Exhibit 99.2
(1) On November 7, 2005, Xxxxxx X. Xxxxxx, Second Xxxxxxx Xxxxxxx Limited
Partnership and Xxxxxx Enterprises, Inc. (collectively, the "Xxxxxx
Stockholders") and NBC Palm Beach Investment II, Inc. ("NBC Palm Beach II")
entered into a Call Agreement (the "Call Agreement"). Pursuant to the Call
Agreement, the Xxxxxx Stockholders granted NBC Palm Beach II (or its
permitted transferee) the right to purchase (the "Call Right") 15,455,062
shares of Class A Common Stock and 8,311,639 shares of Class B Common Stock
(the "Call Shares").
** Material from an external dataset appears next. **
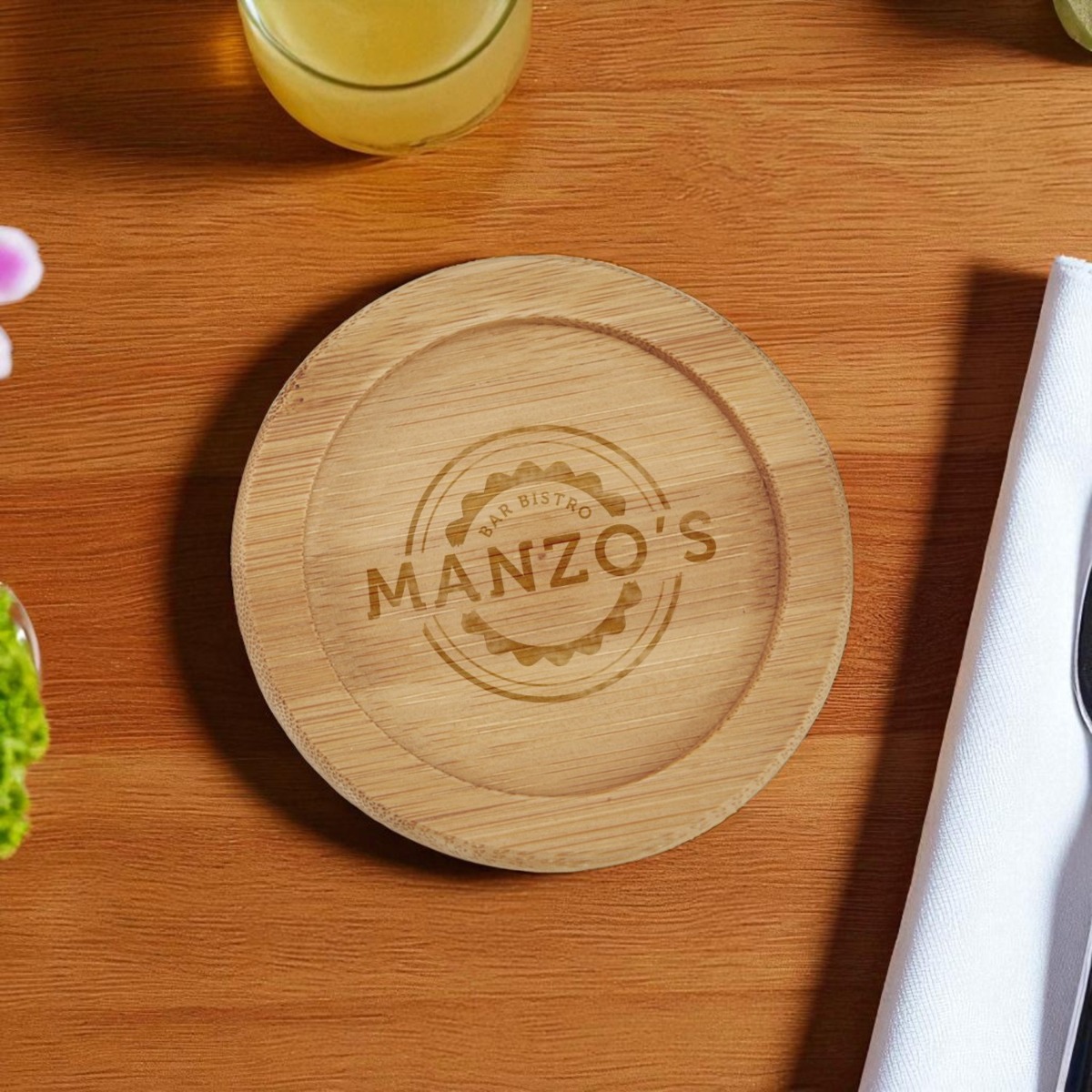 Made from environmentally friendly bamboo Features a striped wood grain appearance Round coaster with rim around edge Naturally heat and bacteria resistant Best to hand wash with warm water and mild soap/detergent Due to natural variations in the grain, laser engraved imprints may have slightly different shades

Pursuant to the Master Transaction Agreement among ION
Media Networks, Inc. ("ION"), NBC Universal, Inc. ("NBCU"), NBC Palm Beach
Investment I, Inc., NBC Palm Beach II and CIG Media, L.L.C. ("CIG Media"),
dated as of May 3, 2007 (the "Master Transaction Agreement"), NBC Palm
Beach II transferred the Call Agreement to CIG Media on May 4, 2007. The
Master Transaction Agreement required CIG Media to exercise the Call Right
concurrently with the assignment of the Call Agreement, which was done on
May 4, 2007. However, pursuant to the Call Agreement, the obligation of the
Xxxxxx Stockholders to deliver the Call Shares to CIG Media was conditioned
on certain material conditions, including Federal Communications Commission
(the "FCC") approval, which approval shall have become a final order, of
the purchase of the Call Shares by CIG Media and other conditions contained
in the Call Agreement. On December 31, 2007, the FCC released an order
approving the transfer of control of ION from Xxxxxx X. Xxxxxx and Xxxxxx
Management Corporation to CIG Media. However, the FCC order is not a final
order and is subject to reconsideration or judicial review. If neither
reconsideration nor judicial review is initiated, the FCC order will become
a final order 40 days from the date it became effective. Under the Call
Agreement, the requirement of a final order from the FCC may be waived, and
CIG Media, by closing on the purchase of the Call Shares, has waived that
condition. This Form 4 is being filed by the reporting persons to report
the acquisition and subsequent exercise of the Call Right as well as the
acquisition of shares of Class A Common Stock and Class B Common Stock,
which were acquired in connection with the closing of the Call Right on
January 8, 2008.
(2) The reporting persons to whom the information set forth on this Form 4
relates are Citadel Limited Partnership, Xxxxxxx Xxxxxxx ("Xx. Xxxxxxx"),
Citadel Investment Group, L.L.C. ("CIG"), and CIG Media. Xx. Xxxxxxx is the
president and chief executive officer of CIG and owns a controlling
interest in CIG. CIG is an affiliate of CIG Media. The reporting persons
and NBCU and affiliates of NBCU may be deemed to be a group for purposes of
Section 13(d) of the Securities Exchange Act of 1934, as amended. However,
neither the filing of this Form 4 nor any of its contents will be deemed to
constitute an admission that any of the reporting persons is a member of a
group for purposes of Section 13(d) with NBCU or any of its affiliates, or
for any other purpose, and any such group is expressly disclaimed. In
addition, each of the reporting persons disclaims beneficial ownership of
the securities of the Issuer reported herein except to the extent of his or
its pecuniary interest therein.
(3) The acquisition of the Call Right was made in connection with a series of
transactions contemplated by the Master Transaction Agreement.